Moffitt v. United States
Decision Date | 01 February 1904 |
Docket Number | 951. |
Citation | 128 F. 375 |
Parties | MOFFITT v. UNITED STATES. |
Court | U.S. Court of Appeals — Ninth Circuit |
The plaintiff in error, master of the British steamship Tucapel was indicted in the District Court for the Northern District of California for an alleged violation of the provisions of section 10, c. 551, Act March 3, 1891, 26 Stat. 1086 (U.S.Comp.St. 1901, p. 1299). The indictment contained three counts. A demurrer was interposed to this indictment upon the ground that it did not in either count set forth sufficient facts to constitute an offense against the United States. A motion was also made to quash the indictment upon the same ground. This motion was denied. The demurrer was sustained as to the second and third counts, and overruled as to the first count. This count charged the plaintiff in error with having unlawfully neglected at San Francisco, Cal., to detain, on board the Tucapel, Rodrego Marquez, an alien not entitled to land, and by reason of such neglect the aline escaped from the vessel and landed in the United States. The defendant entered his plea of not guilty, and the case was tried before the court with a jury, upon the following agreed statement of facts:
The defendant moved to strike out certain portions of the agreed statement of facts as immaterial and irrelevant, which motion was denied. After the facts agreed upon had been read to the jury, the defendant moved the court to instruct the jury to bring in a verdict for the defendant upon the following grounds:
This motion was denied. The court also declined to give certain instructions asked for by defendant, and gave other instructions to the jury, to all of which the defendant duly excepted. The jury returned a verdict of guilty, and the defendant was sentenced to pay a fine of $300. From this judgment the defendant brings a writ of error to this court.

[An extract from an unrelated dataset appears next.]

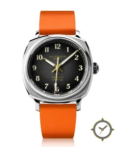 A Vintage watch with a vintage-inspired 35mm case, crafted from stainless steel featuring a black dial with a unique grained/matte finish.
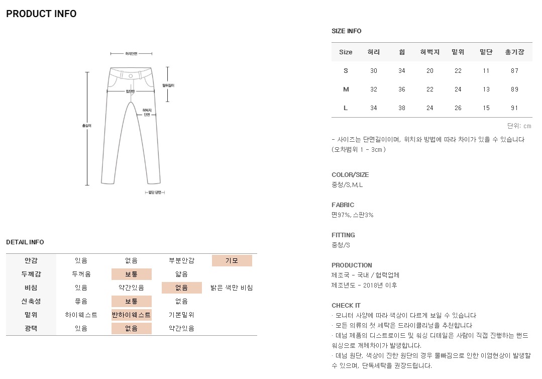 S,M,L사이즈로 제작되어 25-29사이즈분들께 추천드려요

There are 10 assignments of error, covering every ruling of the court below, but, as was said by counsel for the plaintiff in error, these assignments may be grouped into three classes, and pertain '(1) to the insufficiency of the first count of the indictment as a statement of the commission by plaintiff in error of an offense against the laws of the United States; (2) to the proper construction of section 10 of the act of March 3, 1891, under which the indictment was framed, which refers to immigrants and no others; and (3) to the insufficiency of the evidence to sustain the verdict.'
Page, McCutchen & Knight, for plaintiff in error.
Marshall B. Woodworth, U.S. Atty., and Benjamin L. McKinley, Asst. U.S. Atty.

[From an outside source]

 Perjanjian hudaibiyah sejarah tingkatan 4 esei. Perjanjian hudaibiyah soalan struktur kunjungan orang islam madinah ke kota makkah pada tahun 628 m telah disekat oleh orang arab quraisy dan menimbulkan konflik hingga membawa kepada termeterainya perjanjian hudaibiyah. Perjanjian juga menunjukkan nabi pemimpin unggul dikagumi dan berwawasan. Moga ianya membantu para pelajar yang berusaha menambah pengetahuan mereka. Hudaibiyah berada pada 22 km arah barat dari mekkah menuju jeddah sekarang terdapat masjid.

Before GILBERT and ROSS, Circuit Judges, and HAWLEY, District Judge.
HAWLEY District Judge (after stating the facts as above).
If the alien Marquez was not a person permitted by law to enter or remain in the United States, it is manifest that the plaintiff in error did not exercise reasonable diligence, and was clearly guilty of negligence in failing to detain said alien on the vessel. The good intention, or absence of any wrongful intention, on the part of plaintiff in error, would constitute no excuse whatever for his negligence.
The real question presented for our determination is whether or not the agreed statement of facts is sufficient to show that the alien Marquez belonged to one of the classes of persons whose admission into the United States is excluded by the provisions of the act of March 3, 1891, c. 551, 26 Stat. 1084 (U.S.Comp.St. 1901, p. 1299). It will be observed that this act is 'An amendment to the various acts relative to immigration and the importation of aliens under contract or agreement to perform labor. ' In some particulars it was amended by 'An act to facilitate the enforcement of the immigration and contract labor laws of the United States,' approved March 3, 1893 (27 Stat. 569, c. 206 (U.S.Comp.St. 1901, p. 1300)); and again March 3, 1903, by 'An act to regulate the immigration of aliens into the United States' (32 Stat. 1213, c. 1012 (U.S.Comp.St.Supp. 1903, p. 170)).
All these acts, as was the act in regard to contract labor (Act Feb. 26, 1885, c. 164, 23 Stat. 332 (U.S.Comp.St. 1901, p 1290)), are highly penal in their character, and should be so construed as to bring within their condemnation only those who are shown, by direct and positive averments and clear proof, to be...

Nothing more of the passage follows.